Disclaimer - I'm not an information theorist, just a code monkey who works primarily in C and C++ (and thus, with fixed-width types), and my answer is going to be from that particular perspective.
It takes on average 3.2 bits to represent a single decimal digit - 0 through 7 can be represented in 3 bits, while 8 and 9 require 4. (8*3 + 2*4)/10 == 3.21.
This is less useful than it sounds. For one thing, you obviously don't have fractions of a bit. For another, if you're using native integer types (i.e., not BCD or BigInt), you're not storing values as a sequence of decimal digits (or their binary equivalents). An 8 bit type can store some values that take up to 3 decimal digits, but you can't represent all 3-decimal-digit values in 8 bits - the range is [0..255]. You cannot represent the values [256..999] in only 8 bits.
When we're talking about values, we'll use decimal if the application expects it (e.g., a digital banking application). When we're talking about bits, we'll usually use hex or binary (I almost never use octal since I work on systems that use 8-bit bytes and 32-bit words, which aren't divisible by 3).

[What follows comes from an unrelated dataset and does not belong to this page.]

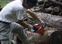 | [薪作り] 丸太をチェンソーで約40cmの長さに玉切りしていきます。 |
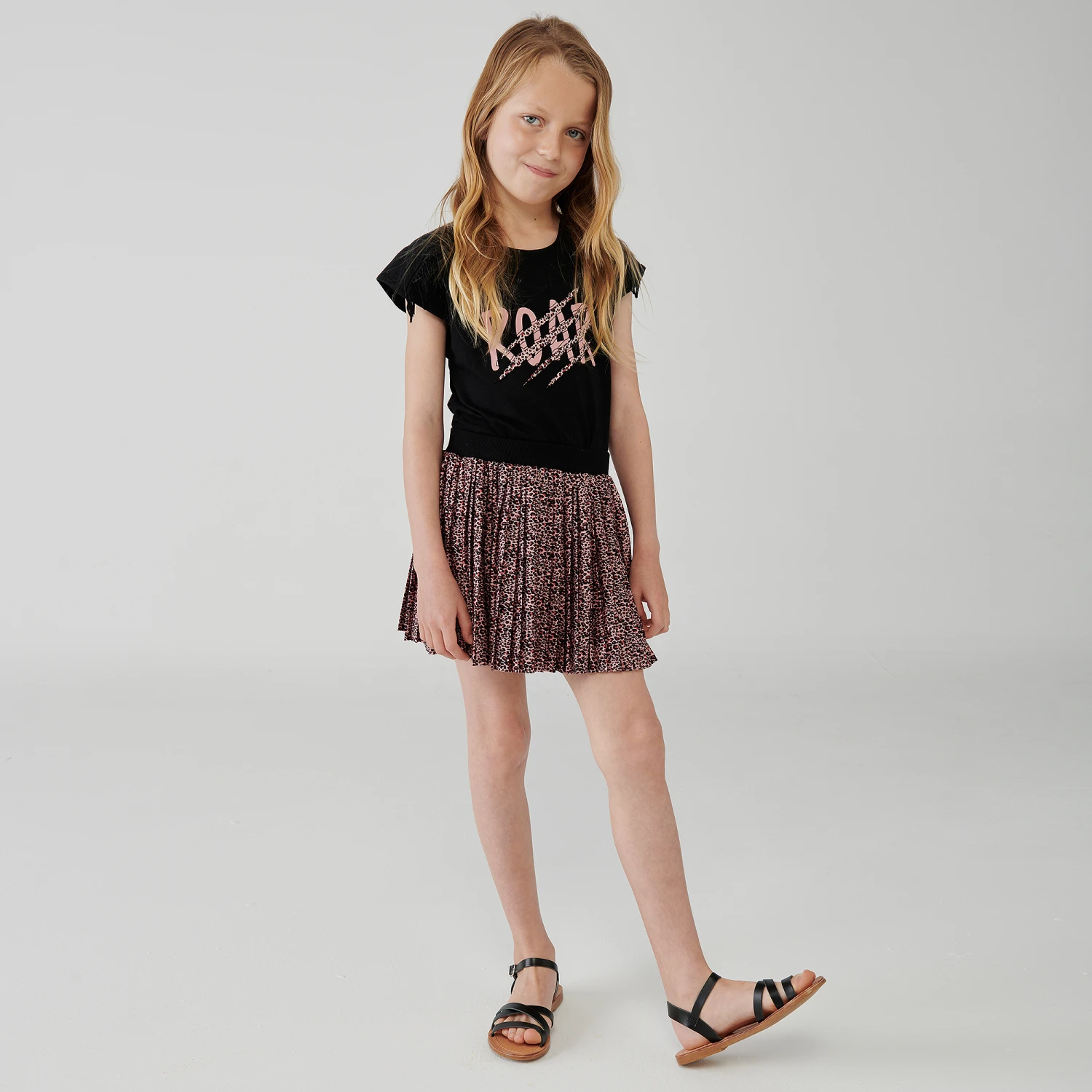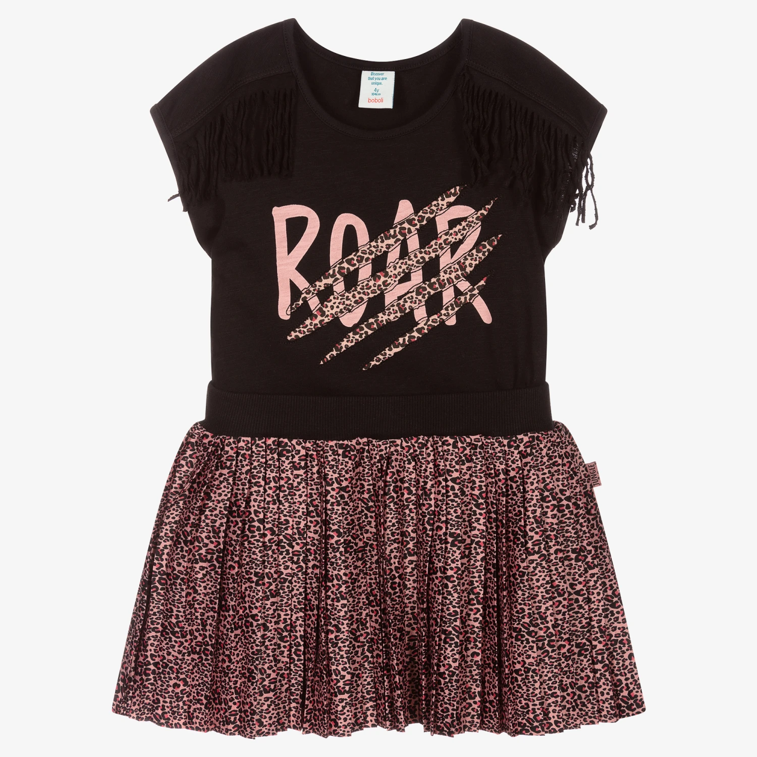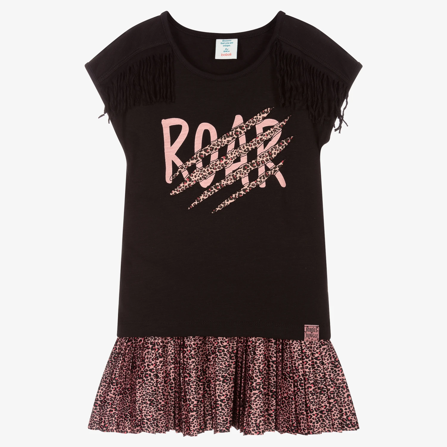 Black and pink animal print skirt set for girls by Boboli. Appearing with a scratched, clawed-effect design, the black cotton jersey T-shirt has pink leopard print stripes on the front, with a ‘Roar’ graphic and fun fringing on the shoulders. Made in soft, lightweight satin, the pleated leopard print skirt has a comfortable ribbed, stretchy waist.

Values expressed in decimal don't map cleanly on to binary sequences. Take the decimal value 255. The binary equivalents of each digit would be 010, 101, 101. Yet, the binary representation of the value 255 is 11111111. There's simply no correspondence between any of the decimal digits in the value to the binary sequence. But there is a direct correspondence with hex digits - F == 1111, so that value can be represented as FF in hex.
If you're on a system where 9-bit bytes and 36-bit words are the norm, then octal makes more sense since bits group naturally into threes.
- Actually, the average per digit is smaller since 0 and 1 only require a single bit, while 2 and 3 only require 2 bits. But, in practice, we consider 0 through 7 to take 3 bits. Just makes life easier in a lot of ways.